Assistant Professor (Research)

Assistant Professor (Research) in the Department of Geography


I am a political and development geographer interested in the spatial politics of migration, displacement, carcerality, and humanitarianism. My research focuses geographically on Eastern Africa, especially Kenya, where I have conducted long-term ethnographic work.

Before joining the Department of Geography at Durham in 2023, I held a Departmental Lectureship in Forced Migration at the Refugee Studies Centre, University of Oxford, and was a Lecturer in Human Geography at King's College London (KCL). I completed a DPhil (PhD) at the School of Geography and the Environment at the University of Oxford (2020), an MLitt at the University of St Andrews (2014), and a BA at Humboldt University of Berlin (2013).

My work has been published in Antipode: A Radical Journal of Geography, Political Geography, Environment and Planning D: Society and Space, Geoforum, Area, Refuge: Canada's Journal on Refugees, Africa: Journal of the International African Institute, Journal of Eastern African Studies, Migration & Society, Forced Migration Review as well as media outlets such as The Guardian, OpenDemocracy, Africa Is A Country, African Arguments, Democracy in Africa, Africa at LSE Blog, Afrika Sued, and the social justice platform Pambazuka.

My research has been funded by the British Academy, the John Fell Fund, the ESRC, the British Institute in Eastern Africa (BIEA), QR Global Challenges Fund (GCRF - University of York), and the German National Academic Foundation (Studienstiftung des Deutschen Volkes). My current work focuses on four themes:

1. Carceral Mobilities and Abolition. My research in this area has sought to explore the contemporary relationship between carceral forms of power and abolitionist desires for freedom that emerge in their wake. My current British Academy funded project Carceral Corridors: Migrant Detention and Disrupted Mobility in Kenya explores the momentary, interstitial, and often unnoticed carceral experiences of East Africans on the move.

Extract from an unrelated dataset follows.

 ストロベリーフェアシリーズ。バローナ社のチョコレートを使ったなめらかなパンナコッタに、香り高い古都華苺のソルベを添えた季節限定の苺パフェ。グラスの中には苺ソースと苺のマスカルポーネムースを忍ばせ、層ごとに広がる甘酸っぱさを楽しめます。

2. Critical/Creative Methodologies in Migration Research. I am interested in advancing new ways of conducting research on refuge and migration that are distinctly collaborative and critically reimagine knowledge co-production in this field. Currently, I collaborate with a Sudanese educator, writer, and poet on a project entitled Poetry on the Run which seeks to harness the poetry and creative writings of refugee youth as theorisations of their own lived experiences.

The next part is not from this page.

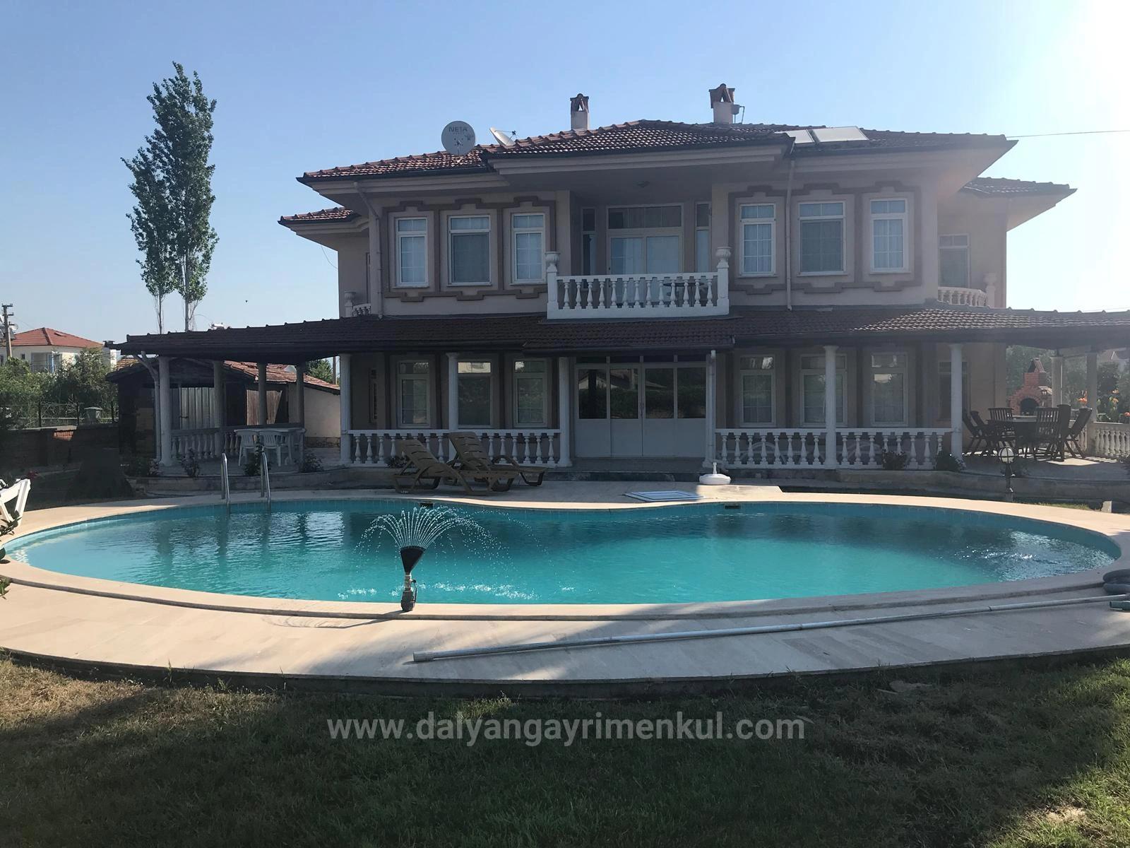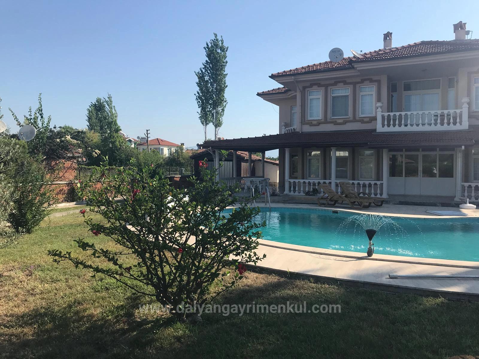 A villa with 4 bedrooms, a large open-plan living room, a separate kitchen, and 3 bathrooms, totaling 250m2 of indoor living space, is for sale in Dalyan on a 1000m2 plot. Each room has air conditioning. Heating is provided by a combi boiler. There is a fireplace and an outdoor swimming pool. The villa, which has a large garden, is within walking distance of shopping markets and the local market. It is 10 km from Iztuzu Beach and 25 km from the airport. It is within walking distance of the center. The villa requires some renovation. Price: 425,000 GBP

3. Coloniality of Aid, Borders, and Migration Control. My work in this area has explored enduring forms of colonial governance and securitisation of undesirable (migrant) populations in postcolonial East Africa, including the differential management of bodies, the entanglement of camps and counter-terrorism, community and state policing, and the cultural text of encampment. Based on my long-standing work in Kakuma refugee camp, I am currently completing my first book entitled Occupied Refuge: Humanitarian Colonization and the Camp in Kenya.

4. Geographies of Humanitarian Markets. Most recently, I have developed an interest in racial capitalism and the political economy of 'markets' in humanitarian contexts. Alongside colleagues at the University of York (UK), I have examined the ways in which humanitarians, policymakers, and their corporate partners begin to reimagine camps and other spaces of aid as new frontiers of capitalist prospecting and perpetual extraction.